Though there are promising new technologies available which will gradually close the gap, we are going to still be burning coal for at least a generation, with nuclear and hydropower being the other chief sources of baseload power (available 24 hours a day). But any additional capacity built needs to be as close to carbon-neutral as possible, and building more coal- fired plants is simply suicidal. A study commissioned by the state legislature in 2006 showed that with conservation, efficiency, and a modest growth in renewable energy, we would not need any added capacity in NC for ten years. Despite this finding, Duke Energy is building a mammoth coal-fired plant at Cliffside, near Shelby. Construction at Cliffside had been temporarily halted by federal court order, citing in particular the mercury pollution it would produce, but Duke got around this by simply reclassifying this 800 megawatt plant as a “minor” source of pollution, without changing the plant design. The NC Utility Commission and Governor Perdue went along with this bald-faced lie. The truth is, there is no clean coal, and we must stop building new plants.

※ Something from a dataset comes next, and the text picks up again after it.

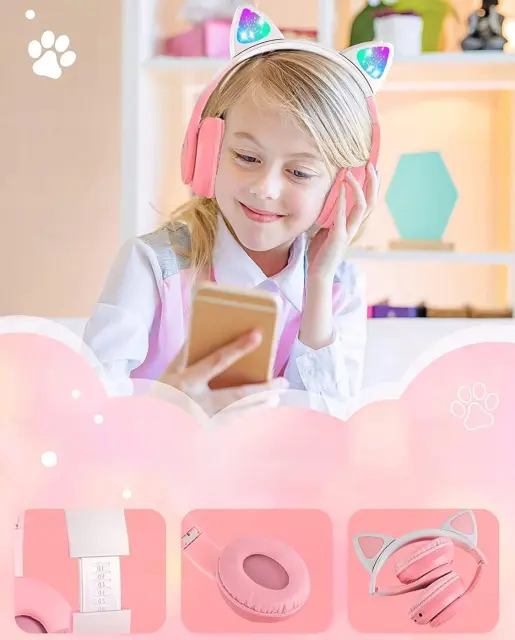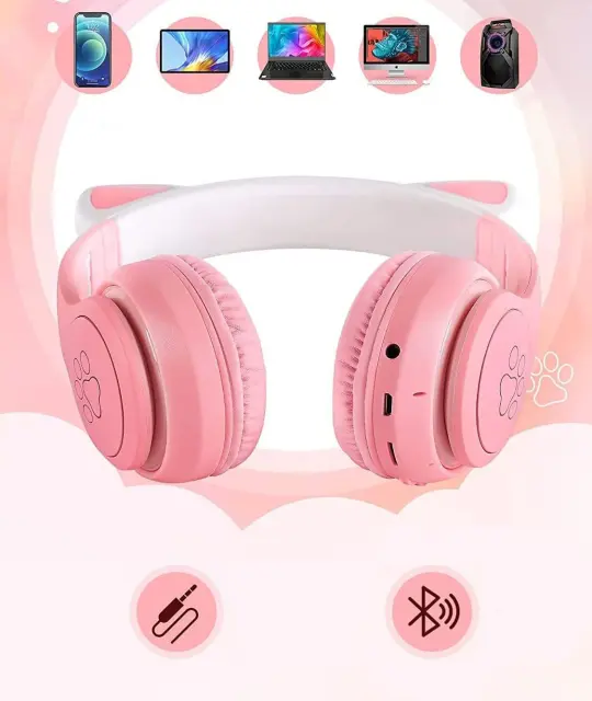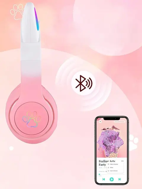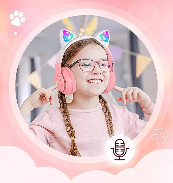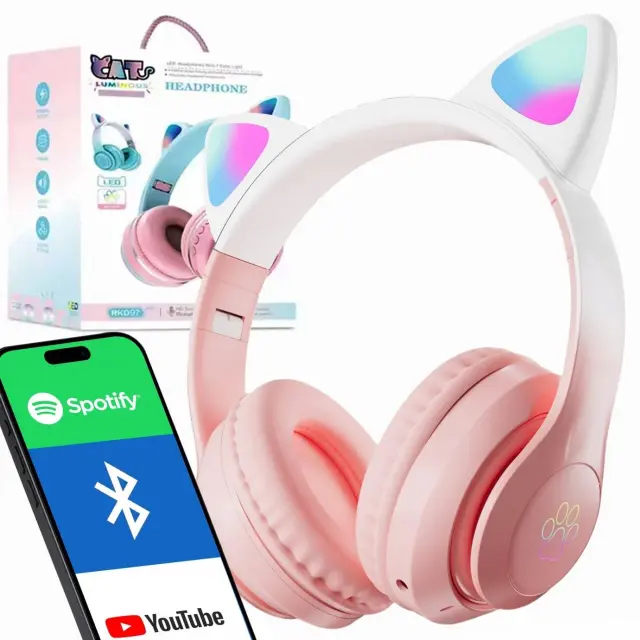 Brezžične slušalke z mačjimi ušesi so popoln pripomoček za vsakega otroka! Udobna konstrukcija, odlična kakovost zvoka, veliko število funkcij in MAČJA UŠESKA, ki se svetijo v različnih barvah, naredijo naše Bluetooth slušalke popoln predlog za vsakega mladega ljubitelja glasbe.

On April 20, I joined 350 folks in a well-organized march in Charlotte to protest the Cliffside plant, carrying a Call to Conscience which was read in front of Governor Perdue’s office and outside Duke Energy headquarters, urging Duke CEO Jim Rogers to cancel the project. Rogers has built a reputation as a “green” power executive, speaking articulately about the need to reduce CO2 in power production. Indeed, while we were reading the citizen’s injunction and Call to Conscience outside his headquarters, Rogers was on the West Coast addressing a conference on renewable energy. On many occasions he has touted the “grandchild test,” saying we must steward a world in which our grandchildren have as much chance for a healthy life as we have enjoyed. On Monday I carried a sign reading, “Jim Rogers, you flunked the grandchild test.”

I was among 42 citizens who committed trespass and were arrested at Duke headquarters last Monday. I felt it an honor to be in the Mecklenburg County Jail with grandmothers in their 80’s, students from Appalachian State missing class to be in Charlotte, environmental leaders and clergy, and most of all, victims of mountaintop removal, the most “efficient” but devastating way to mine coal. After being unsuccessful at hearings and having court injunctions circumvented by procedural lies, it’s now in the hands of citizens to proclaim the truth, even if we risk arrest and jail time in the process.

Who is this being built for? Not for us, because if we follow the recommendations of the study mandated by our legislature and the fresh thinking in the executive branch of the federal government, we don’t need Cliffside. Duke is an international corporation, not a public utility answerable to the citizens of this state, and this additional capacity is being built to sell for profit elsewhere. But the truth I went to Duke headquarters to witness was not simply to expose an external enemy. Our own behavior as consumers is the key to reducing demand. Power companies are producing a useful product; they’re just pushed to produce too much of it, and in the absence of legislation capping carbon emissions and fair public utility regulations, in the wrong ways.

This is a justice issue, justice for the poorest among us who are already most impacted by global climate change, and justice for the rest of creation, which we put at risk by our arrogance and foolishness. It is a stewardship issue, not just of Creation put into our care by a loving Creator, but stewardship of our own species. For if we don’t’ radically dampen the accelerating CO2 curve, we are virtually assuring our own extinction, along with countless other species . As far as we know, we are the only beings in the universe where the creature can look within and find the Creator staring back. This is a sacred trust indeed.

So let’s continue to pressure Duke to stop Cliffside and other new coal plants. Urge your congressfolk to support strong legislation to cap carbon emissions. And become aware of your own habits around power use. We could immediately reduce demand by a third simply by conservation and installing more efficient appliances and compact fluorescents. I’m not the only one on trial here.